I'm giving the diarrhea thing another day, and if it's not better after tomorrow, I'm giving the vet a call to find out what she recommends. 

Any advice or words of wisdom??


----------



## Sophie_Mom (Jan 21, 2009)

Have you had a fecal exam yet? It's possible she has coccidia, which could cause the diarrhea. It could be helpful for you to read through the thread I started about Sawyer's tummy. We are having similar issues here, I feel your pain! Many people have offered lots of great advice. If I find something that works, I'll let you know! My Sawyer hasn't had a treat or bully or anything in such a long time....


----------



## Allan's Girl (Apr 16, 2009)

I am by no means an expert! However, here is my recent experience with my new foster Bella. Bella came to me at 7 weeks old. She had been wormed and had her first set of shots. They had her on inova kibble. Her poop was the consistency of soft serve ice cream. Everything else was fine just like your Daisy. I took her to the vet after two days because they said she should be having solid poop by then. The vet put her on a second, longer course, of worm meds. After 5 days she still had runny poop. They then put her on a prescription intestinal diet, probiotics and a intestinal antibiotic for 7 days. She was coming to the end of her seven days and still was runny.
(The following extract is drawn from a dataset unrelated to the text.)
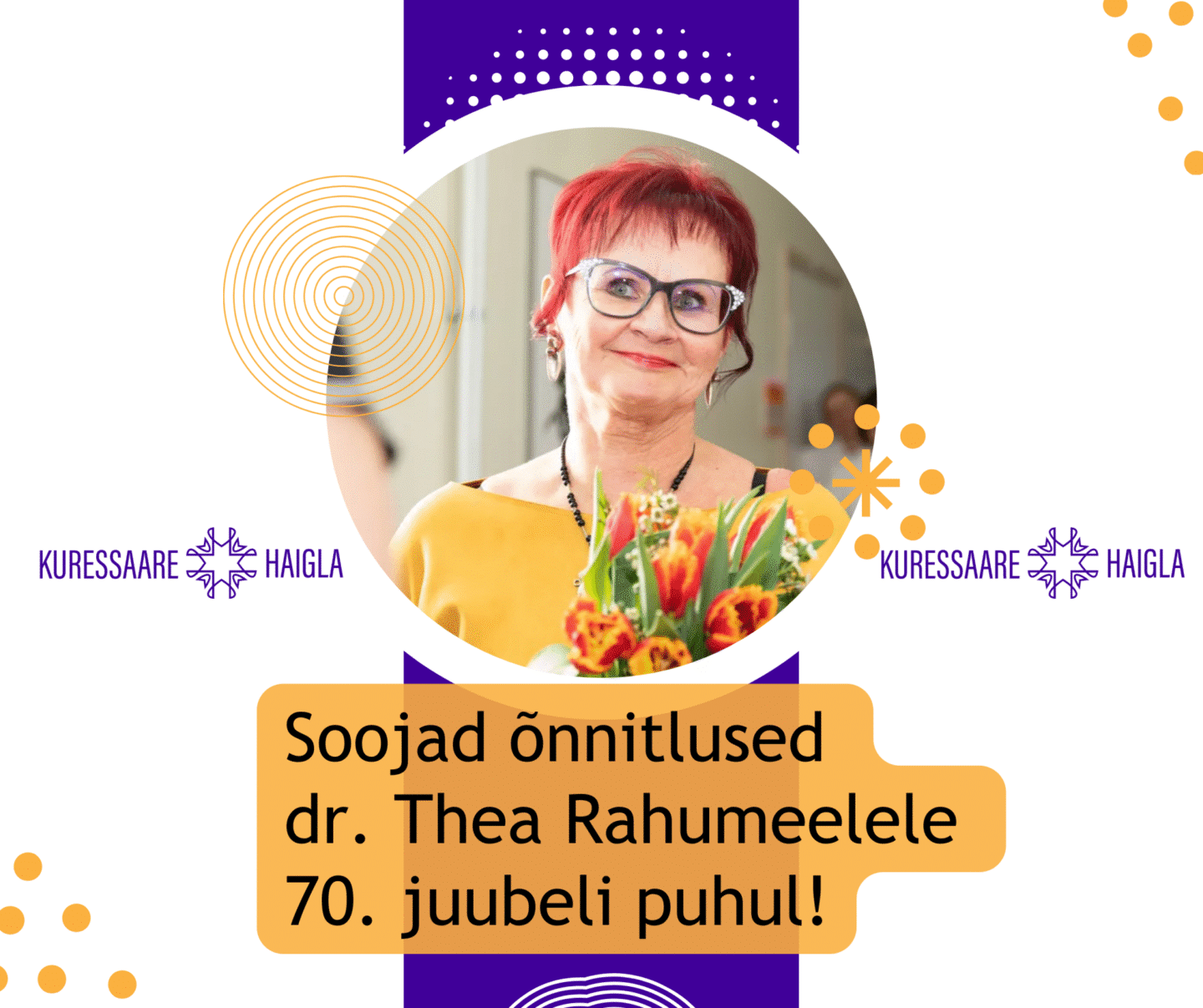 Kuressaare Haigla soovib dr. Rahumeelele jätkuvat energilisust, elurõõmu ning muidugi tervist!

The vet was going to put her on the prescription diet for 2 months to see if that worked. 

Well I got to thinking that when my Bailey came to me she had horrible diarrhea. After a couple of days i switched her to Nutro large breed puppy lamb and rice and the diarrhea totally disappeared. So I went to the store and bought some of the Nutro for Bella. I switched her without weaning her off the other. In 12 hours she was having solid poop and it has been solid ever since. That was the way it was with Bailey too. As it turned out bailey has environmental allergies also. You may want to keep an eye out for breakout on Daisy's tummy.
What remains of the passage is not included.